Exercise instructions: Return all of the data that follows precisely, leaving every image out.
[[ Supplied information, beginning ]]
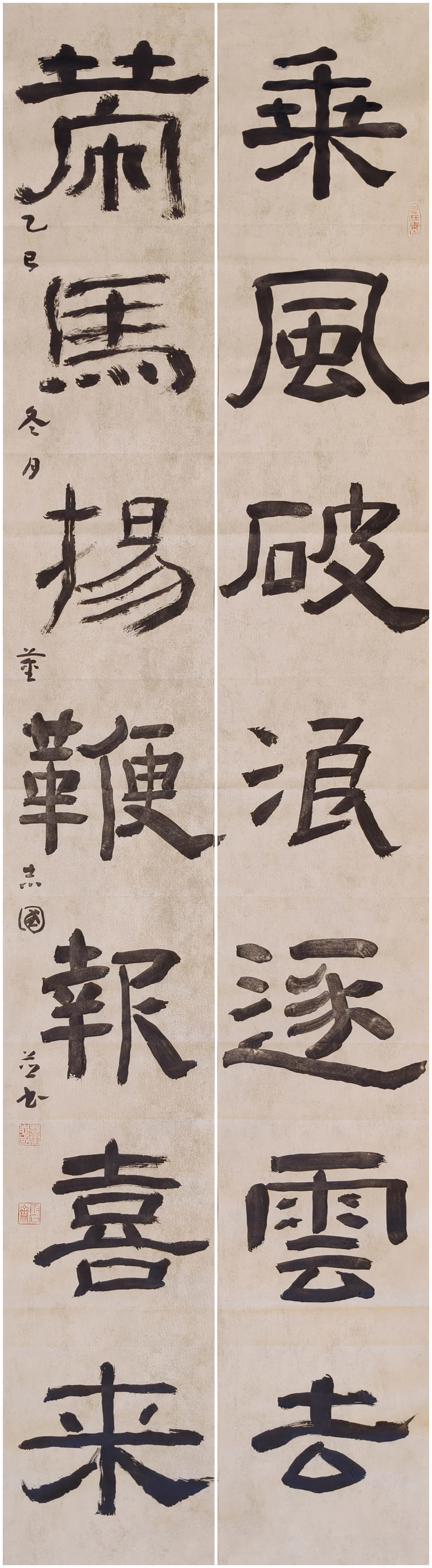 这是我自撰的一副对联。马年将至,“乘风破浪”对“策马扬鞭”很般配,都是四字成语,对仗工整。上联(平平仄仄平平仄),下联(仄仄平平仄仄平),读起来朗朗上口。从文义上来说,上联表达人们一年来在外奔波奋斗,下联表达年终回家满载而归。
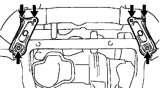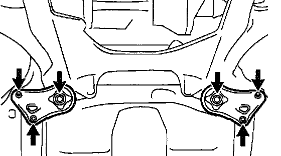 c. Remove the 4 bolts and 2 nuts, front suspension member brace rear RH and LH.
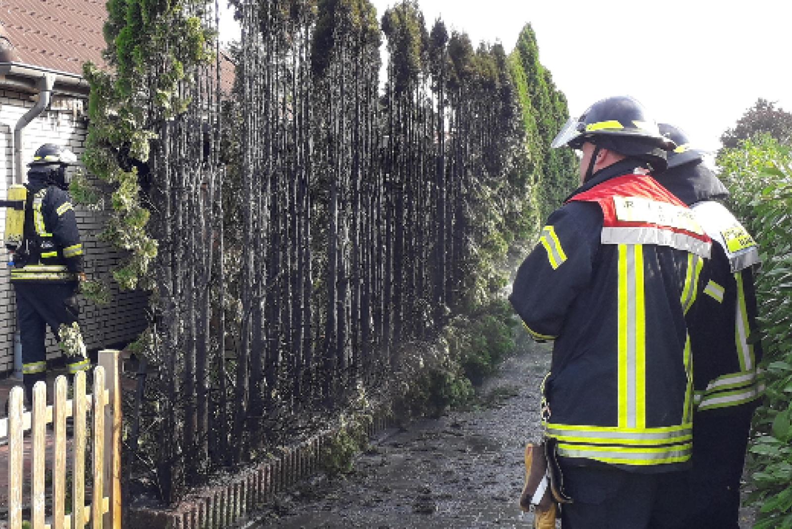 Gasbrenner setzt Hecke in Flammen
[[ Supplied information, end ]]
Task response:
 这是我自撰的一副对联。马年将至,“乘风破浪”对“策马扬鞭”很般配,都是四字成语,对仗工整。上联(平平仄仄平平仄),下联(仄仄平平仄仄平),读起来朗朗上口。从文义上来说,上联表达人们一年来在外奔波奋斗,下联表达年终回家满载而归。
 c. Remove the 4 bolts and 2 nuts, front suspension member brace rear RH and LH.
 Gasbrenner setzt Hecke in Flammen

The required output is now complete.